The FTC simultaneously filed for a preliminary injunction in Washington D.C. federal court and filed suit in the agency’s in-house court. Copies of the court documents weren’t immediately available. The FTC’s administrative proceedings are traditionally stayed until after the federal court rules on the injunction request.
Earlier on Tuesday, Aerojet said in a statement that the commission’s “concerns regarding the transaction cannot be addressed adequately by the terms of the proposed consent order.”
Lockheed said in an SEC filing that it will review the lawsuit and evaluate its options. “We may elect to defend the lawsuit or terminate the merger agreement.”
“In general, it is our practice not to comment on pending litigation. As we said on our earnings call, we are reviewing the FTC’s complaint and will respond in due course,” a Lockheed Martin spokesperson said in a statement.
Aerojet said it “continues to believe in the benefits of the transaction for the United States and its allies, the industry, and all of the company’s stakeholders.”
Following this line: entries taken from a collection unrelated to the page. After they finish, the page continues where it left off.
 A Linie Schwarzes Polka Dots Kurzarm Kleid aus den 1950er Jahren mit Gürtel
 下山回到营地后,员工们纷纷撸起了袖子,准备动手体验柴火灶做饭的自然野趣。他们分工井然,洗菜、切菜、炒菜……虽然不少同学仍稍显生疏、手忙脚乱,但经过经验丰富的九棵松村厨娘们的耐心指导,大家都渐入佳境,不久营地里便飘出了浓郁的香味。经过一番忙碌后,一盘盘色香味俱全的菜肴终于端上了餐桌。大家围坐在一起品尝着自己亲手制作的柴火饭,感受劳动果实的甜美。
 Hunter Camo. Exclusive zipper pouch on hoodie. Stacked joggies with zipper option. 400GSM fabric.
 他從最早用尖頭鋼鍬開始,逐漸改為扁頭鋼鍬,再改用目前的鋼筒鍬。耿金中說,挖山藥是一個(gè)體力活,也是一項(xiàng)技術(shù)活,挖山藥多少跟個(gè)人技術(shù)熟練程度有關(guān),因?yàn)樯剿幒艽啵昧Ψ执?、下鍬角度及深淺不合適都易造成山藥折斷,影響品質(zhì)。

Temperature check: The FTC’s decision serves as a barometer for similar agreements under the Biden administration, said Byron Callan, managing director at Capital Alpha Partners. Other companies will view the deal as a signal for what they can and cannot do while Biden is in the White House.
“I still don’t think it will have a chilling effect on the overall [mergers and acquisitions] sector,” Callan said. “But it will maybe suggest some guardrails around what the largest contractors can do, and how interested DoD is in preserving competition in some of these different sectors.”
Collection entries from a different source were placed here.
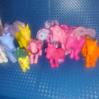 Lotto composto da 10 pony fake non originali my Little pony. Cavalli di varie dimensioni, colori, pegaso e unicorni. Alcuni in stato buono, altro più discreto. Uno piccolo giallo rotto sul muso.
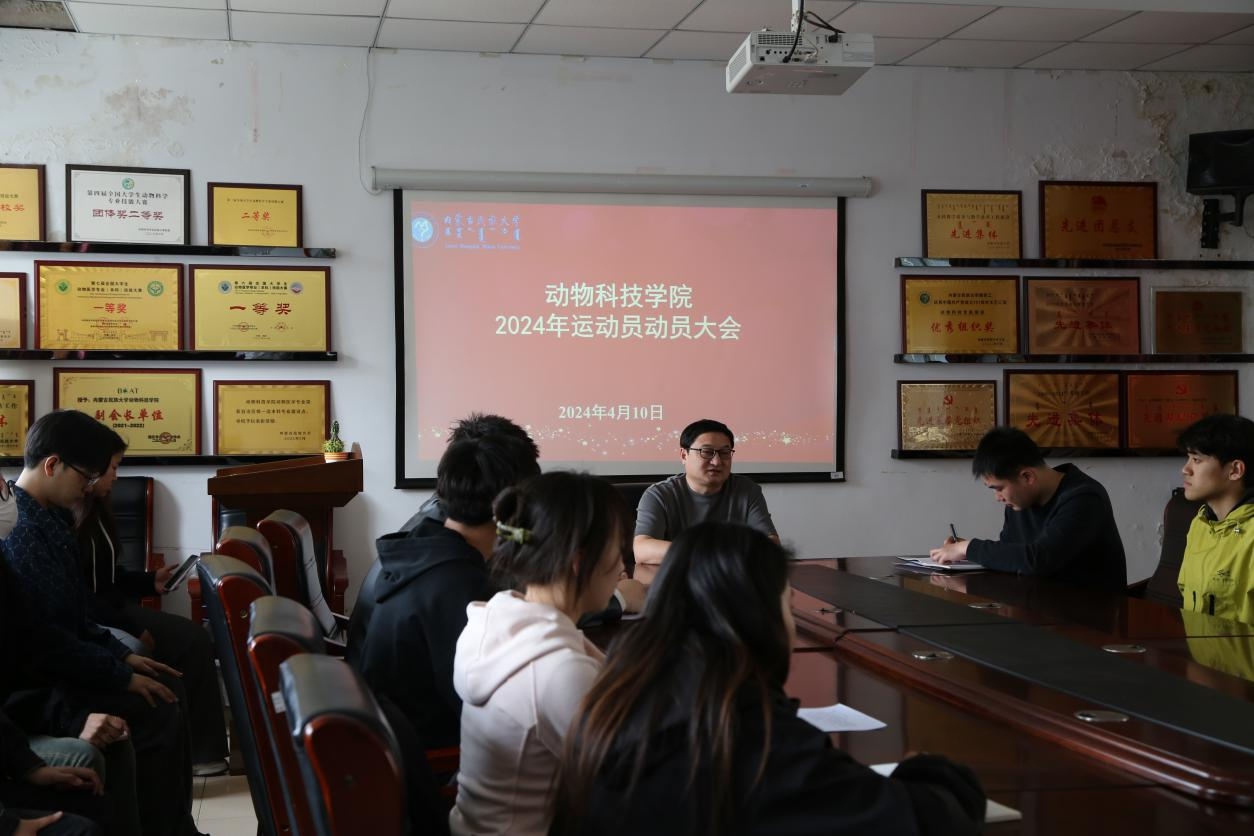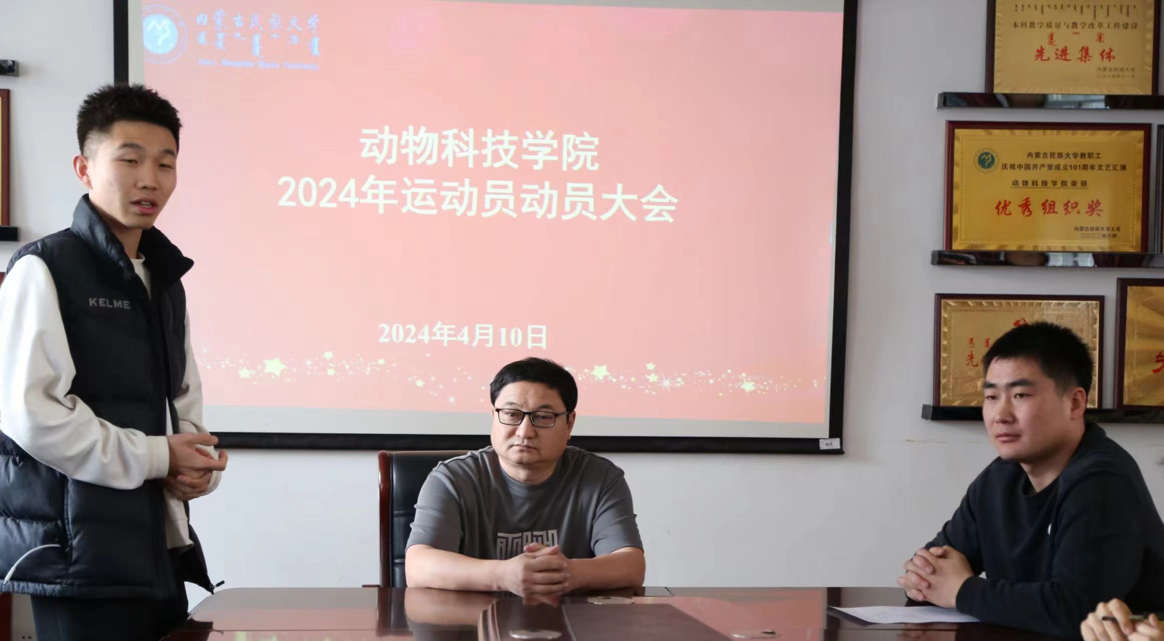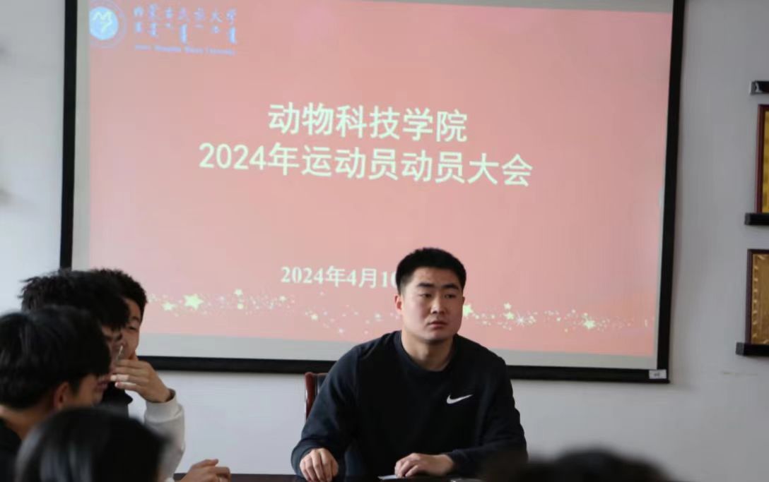 为迎接即将到来的校田径运动会,4月10日,动物科技学院召开运动会动员大会动物科技学院党委副书记昭日格图、辅导员藏小文以及教练员和全体运动员共同出席此次会议。
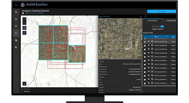 ArcGIS fournit des outils permettant d'interroger des ensembles de données ou de reconnaître des objets dans l'imagerie afin d'affiner la zone de recherche. Ces informations peuvent être intégrées aux renseignements en temps réel pour confirmer les positions ennemis. ArcGIS peut être utilisé pour effectuer une analyse d'adéquation qui aide à identifier de nouvelles zones à surveiller.

Pros and cons: Lockheed Martin is the world’s largest defense contractor and manufactures everything from hypersonic weapons to ships to fighter jets. Aerojet Rocketdyne is a top propulsion provider and has been involved in every U.S. space and missile project since the beginning of the space age.
Lockheed argued that acquiring Aerojet would mean lower prices for the U.S. government. In addition, according to a company fact sheet, the deal would accelerate future missile programs and ensure a long-term supply of propulsion products for the military.
Critics of the deal argued that Lockheed Martin’s promise of ensuring Aerojet will remain fair in future negotiations with other defense vendors is not good enough and they should remain separate companies.
The acquisition would have reshaped competition for liquid and solid rocket propulsion used for hypersonic engines, electric power and propulsion for space products. Besides Aerojet, Orbital ATK, acquired by Northrop Grumman in 2018, is the only other solid-rocket motor supplier in the U.S.
Raytheon Technologies, which opposed the Aerojet acquisition, told the FTC the merger would hurt its propulsion systems business because Aerojet supplies 70 percent of its components and 100 percent of what is needed for its anti-ballistic missile systems. Raytheon was concerned the acquisition could allow Lockheed to increase the price of the components in future deals.
Aerojet’s customers include Lockheed Martin, Raytheon Technologies and United Launch Alliance.
Hill influence: Raytheon wasn’t alone in opposing the deal. Democratic Sen. Elizabeth Warren, whose home state of Massachusetts is the headquarters for Raytheon, expressed concern the acquisition would stifle competition.
The senator pointed to the Northrop Grumman-Orbital ATK deal. At the time of the acquisition, the company said Orbital’s solid-rocket motors would be made available to all vendors in future competitions.
But since the acquisition went through, the FTC has launched an investigation into Northrop’s handling of subsequent competitions.
“I support the FTC taking aggressive action to oppose further corporate concentration in the defense industry that could threaten U.S. national security,” Warren said in a statement Tuesday. “The FTC’s lawsuit to block Lockheed Martin’s proposed acquisition, which has unanimous, bipartisan support from the Commissioners, is critical.”
Connor O’Brien contributed to this report.